Carlo Goldoni a déjà cinquante-cinq ans. Il a triomphé
sur les scènes vénitiennes et peaufiné au fil des ans
la réforme qui lui tient à cœur et qui consiste à rendre
un contenu psychologique et social et un langage aux
masques de la
Commedia dell’Arte
abâtardie. Mais il
est las des incessantes attaques de ses adversaires,
en particulier celles de l’atrabilaire Comte Carlo Gozzi
qui soutenait un théâtre de féeries et détestait le
réalisme des pièces de son compatriote. Goldoni songe à quitter Venise. L’occasion se
présente ; il est invité à Paris par les acteurs de la
Comédie-italienn
e.
Il écrit dans ses
Mémoires
, rédigées en français à la fin de sa vie : « Voici la dernière pièce que je
donnai à Venise avant mon départ
Una delle ultime sere di Carnevale
(La soirée des jours Gras)
comédie vénitienne et allégorique dans laquelle je faisais mes adieux à ma patrie. Zamaria,
fabricant d’étoffes, donne une fête à ses confrères et y invite Anzoletto qui leur fournissait les
dessins ; l’assemblée des fabricants représentait la troupe de comédiens et le dessinateur,
c’était moi. Une brodeuse française, appelée Madame Gâteau (remarquons que Goldoni corrige
ici l’orthographe du nom de ce personnage qu’il nomme en 1762 Madama Gatteau) se trouve
pour des affaires à Venise. Elle connaît Anzoletto, elle aime autant sa personne que ses
dessins, elle l’engage, et va l’emmener à Paris. » Lapsus de l’auteur ?

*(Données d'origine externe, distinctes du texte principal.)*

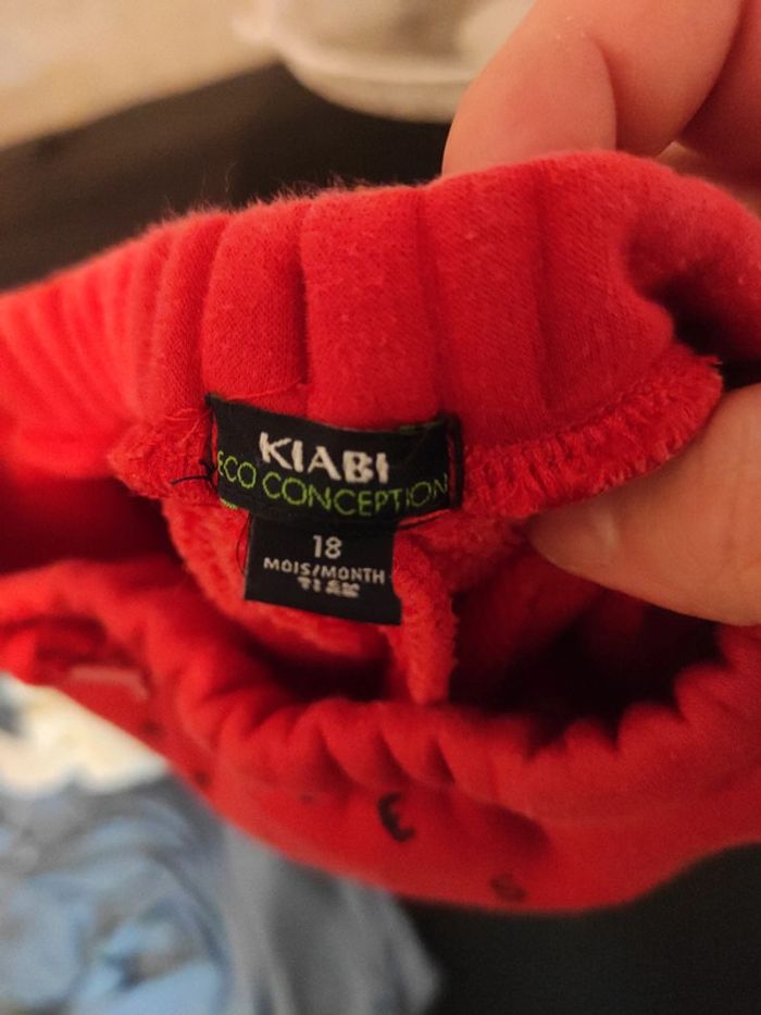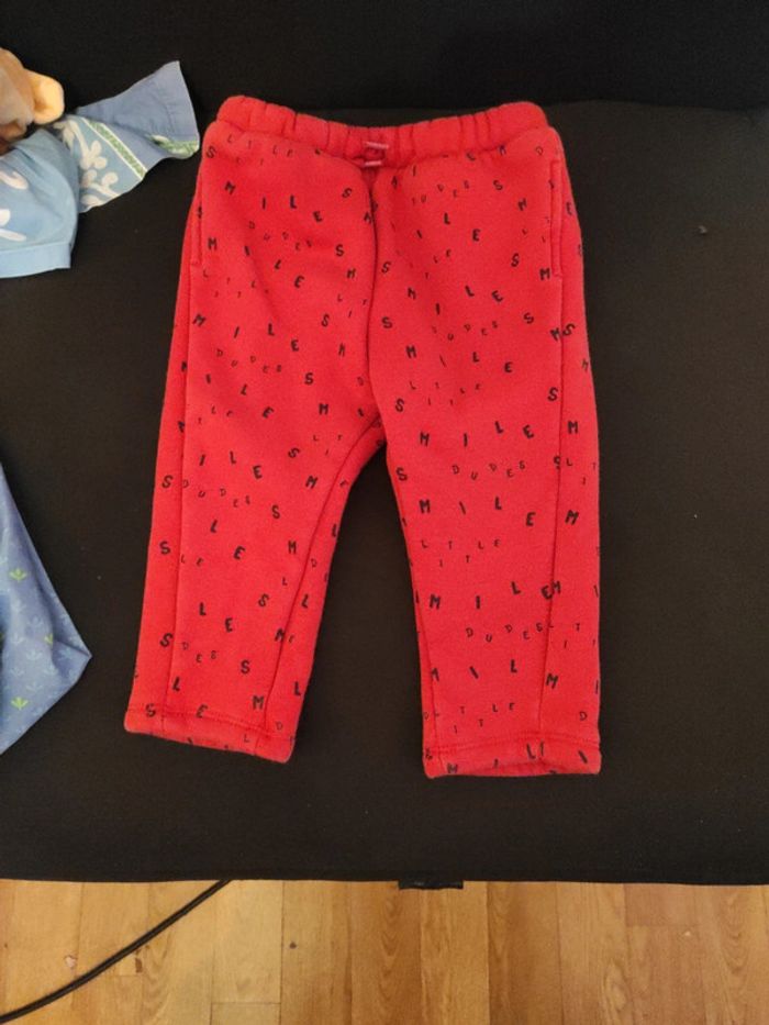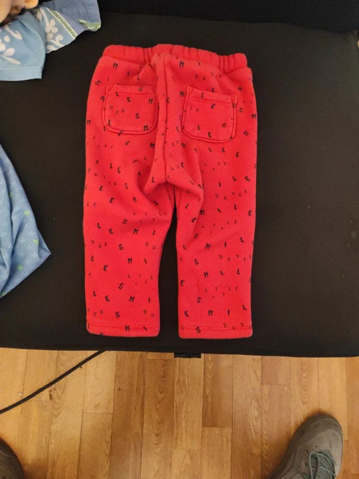 Jogging chaud et fourré couleur rouge avec lettres en noir, taille 18 mois (81cm) . Marque Kiabi , très bon état
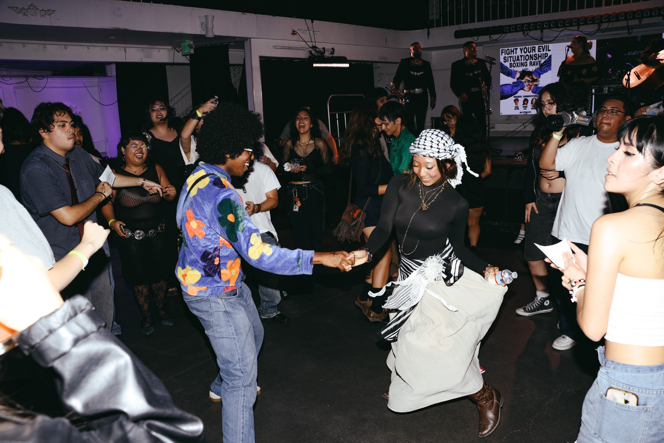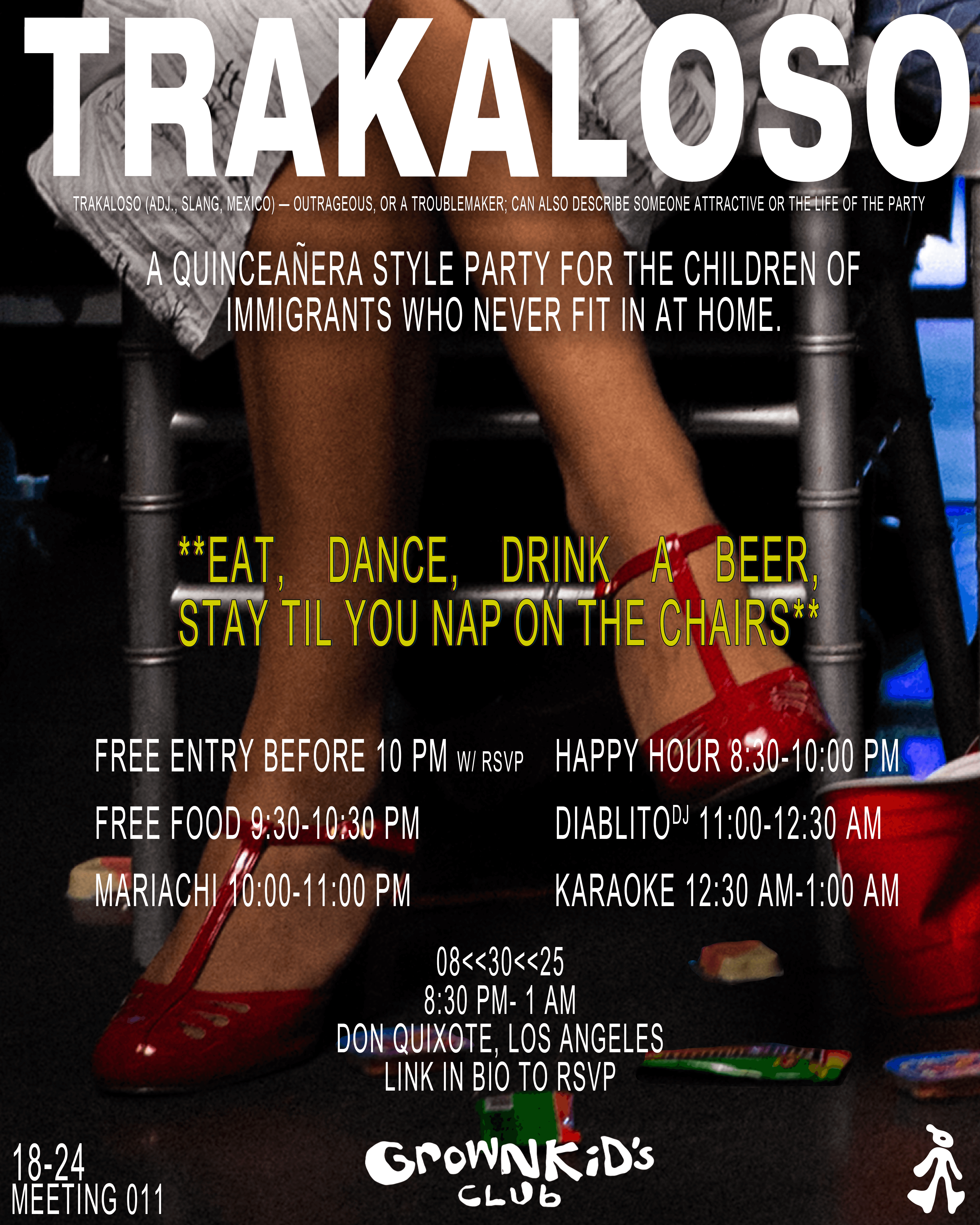 imagine a dance floor filled with emos, rockeros, and every genre of kid who never saw themselves in a traditional party. quinceañera style tables line the edge of the dance floor, covered in scattered Mexican candies and chips, while warm plates of birria, rice, and beans make their way around the room. people drift between dancing, snacking, and drinking, and end the night passed out on folding chairs just like every childhood party we survived.
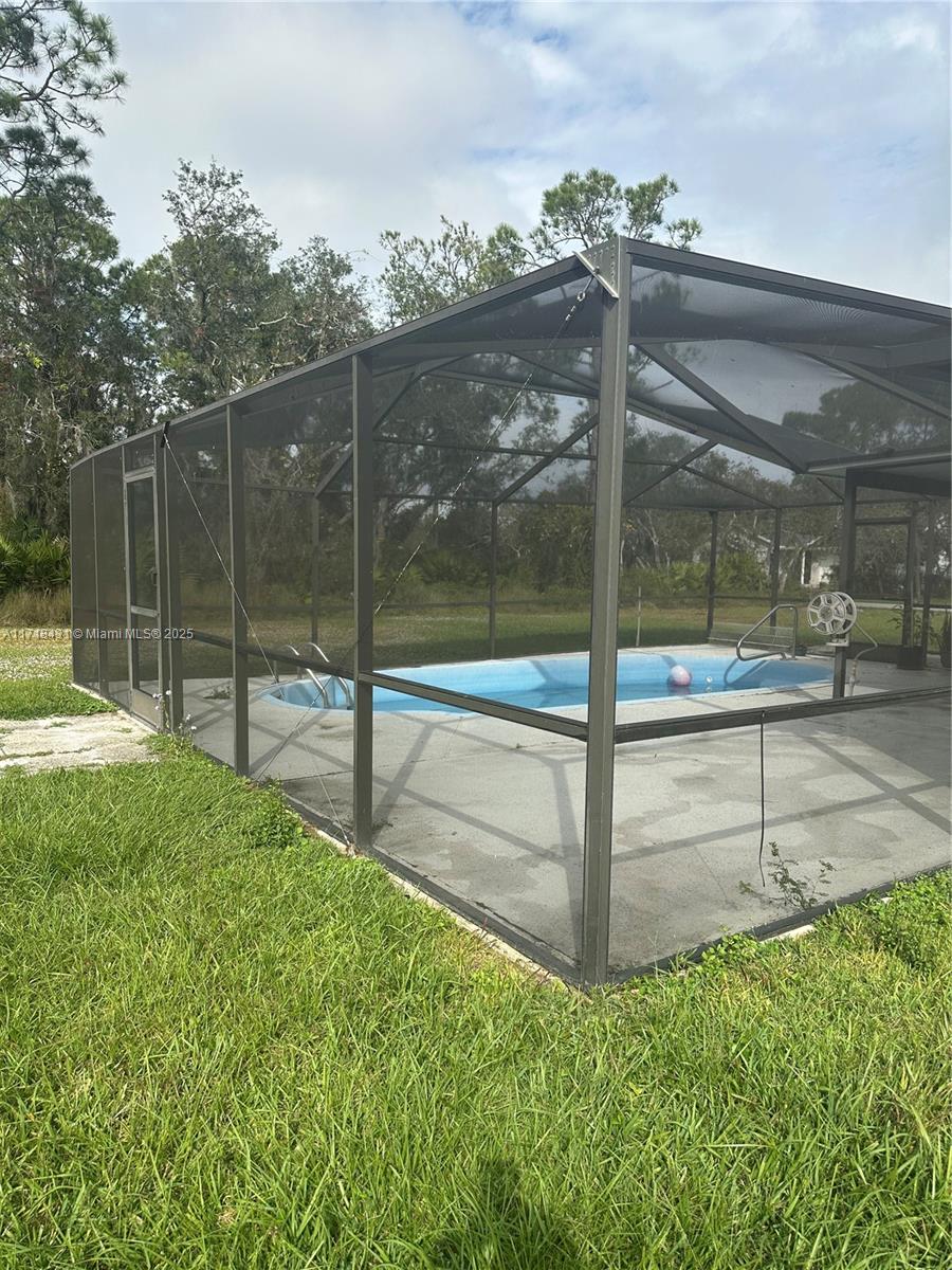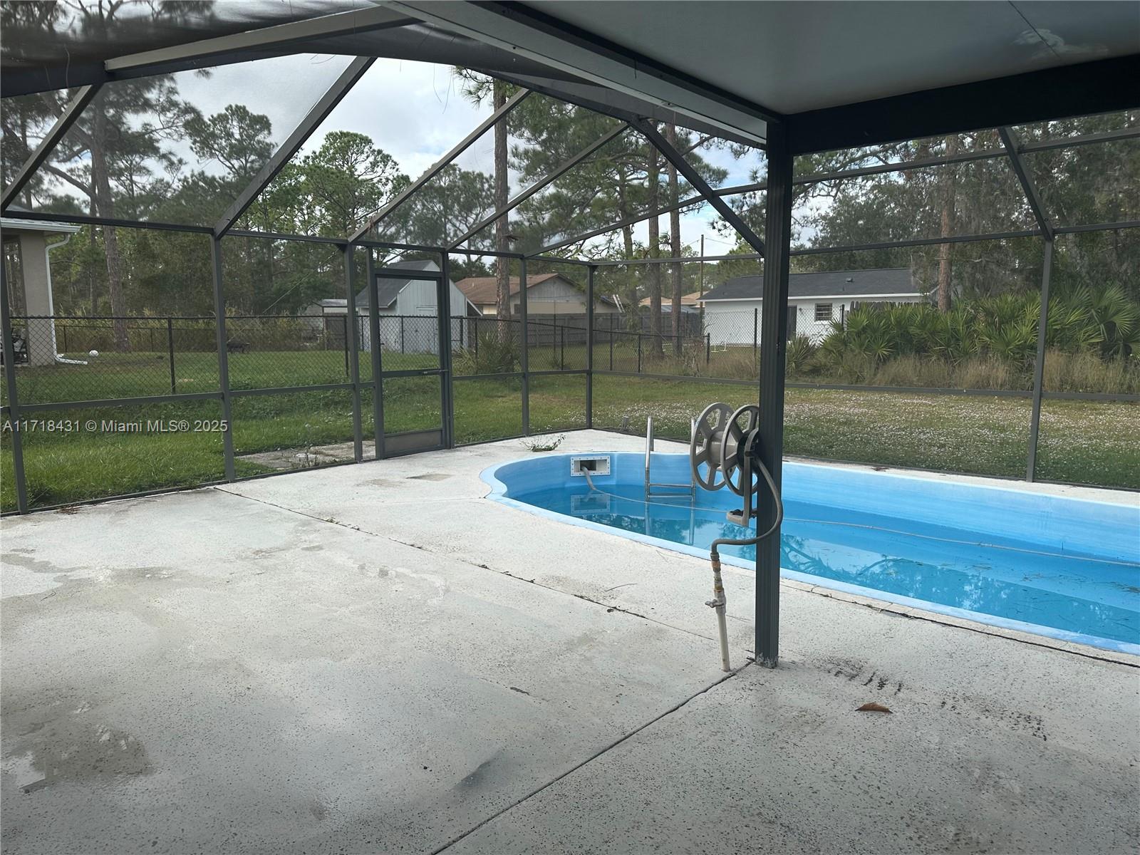 Beautiful corner home nestled on AN OVERSIZE LARGE LOT ( 12,500 SF) ideal for truck owner,boat or trailer's owners.The property features 2 bedrooms 2 baths, Living -Dinning area and a completed updated kitcken with nice white capentry and new stainless stell appliances overlooking the screended pool area and back porch. The home also has solar panels both the air condition unit and the panels were place in 2/8/2023 and the roof was replaced on 6/15/2022.
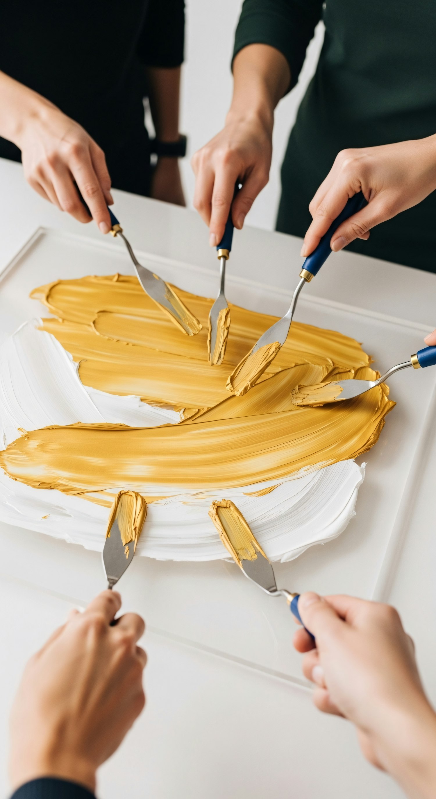Hands using palette knives to spread white and golden paint on a surface, showcasing a collaborative art project in progress.
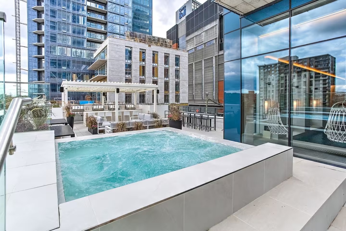 Experience a rare blend of ultimate convenience and private luxury. This modern 1-bedroom condo is your personal oasis, perfect for a relaxing getaway, a productive business trip, or a high-end home base. Its standout features are a private, all-season hot tub—one of the only in the area—and its unbeatable location just 15 minutes from YUL Airport. Every detail of this condo has been thoughtfully designed with a modern, elegant, and luxurious touch.
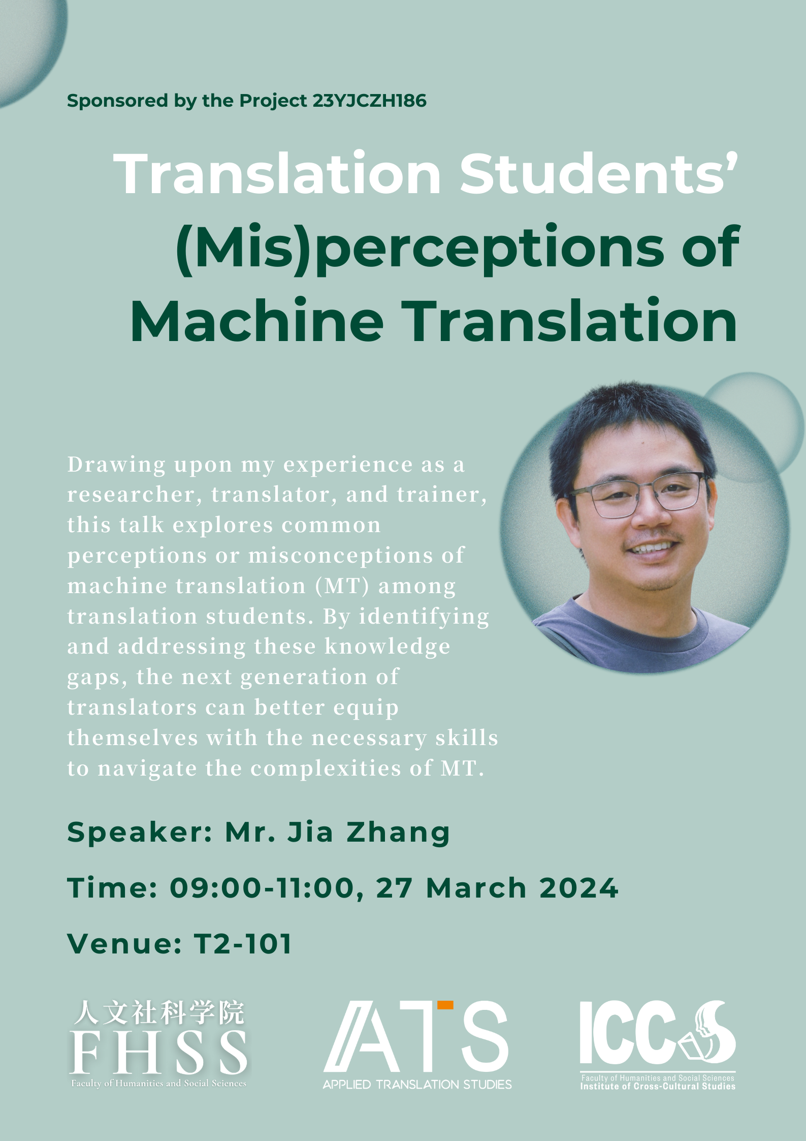 The Institute of Cross-cultural Studies and Project 23YJCZH186 co-sponsored this invited talk by Mr. Jia Zhang who drew on his experience as a researcher, translator, and trainer to explore common perceptions or misconceptions of machine translation (MT) among translation students. He stressed that by identifying and addressing these knowledge gaps, the next generation of translators can better equip themselves with the necessary skills to navigate MT complexities.
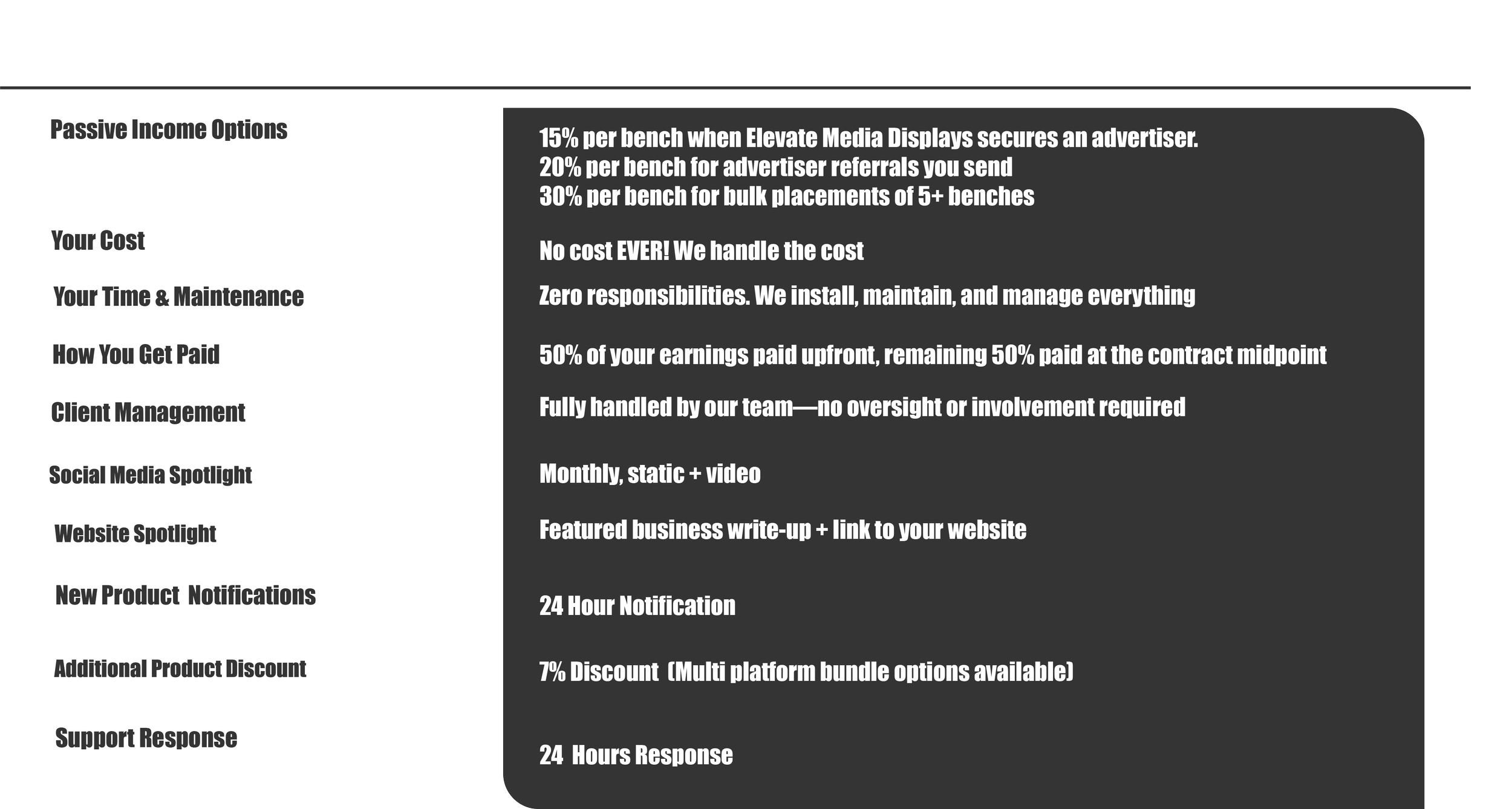 Got a lobby, storefront, or high-traffic area that could use an upgrade? Elevate Media Displays can turn it into a sleek, eco-friendly bench billboard — and pay you every month for letting local businesses advertise there.

En fait, Anzoletto part en Moscovie, métaphore du futur voyage en France de l’auteur, pays
dans lequel Goldoni mourra dans la misère en 1793 après avoir fréquenté Versailles et enseigné
l’italien à Mesdames, les filles de Louis XV et aux sœurs de Louis XVI. Il se souvient : « Je puis
dire que le peu de français que je sais je l’ai acquis pendant les trois années de mon emploi au
service de Mesdames. Elles lisaient les poètes et les prosateurs français, elles les répétaient
avec grâce et élégance ». Goldoni reconnaît implicitement par qu’en 1762, il connaissait mal
notre langue. Il l’écrivit fort bien ensuite : sa pièce
Le Bourru bienfaisant
en témoigne ; elle
triompha à la Comédie-Française en 1771.
Pour prendre congé de son public, Goldoni a le bon goût d’écrire
Une des dernières soirées de
carnaval
, sa comédie des adieux, en vénitien. Seule la vieille et ridicule brodeuse française ne le
parle pas mais elle le comprend. Ce personnage comique, que le public voit arriver avec plaisir,
s’exprime à la fois en un italien souvent déforet en un français désuet et précieux. Sans
doute Goldoni exorcise-t-il, à travers elle, sa peur de s’expatrier en France.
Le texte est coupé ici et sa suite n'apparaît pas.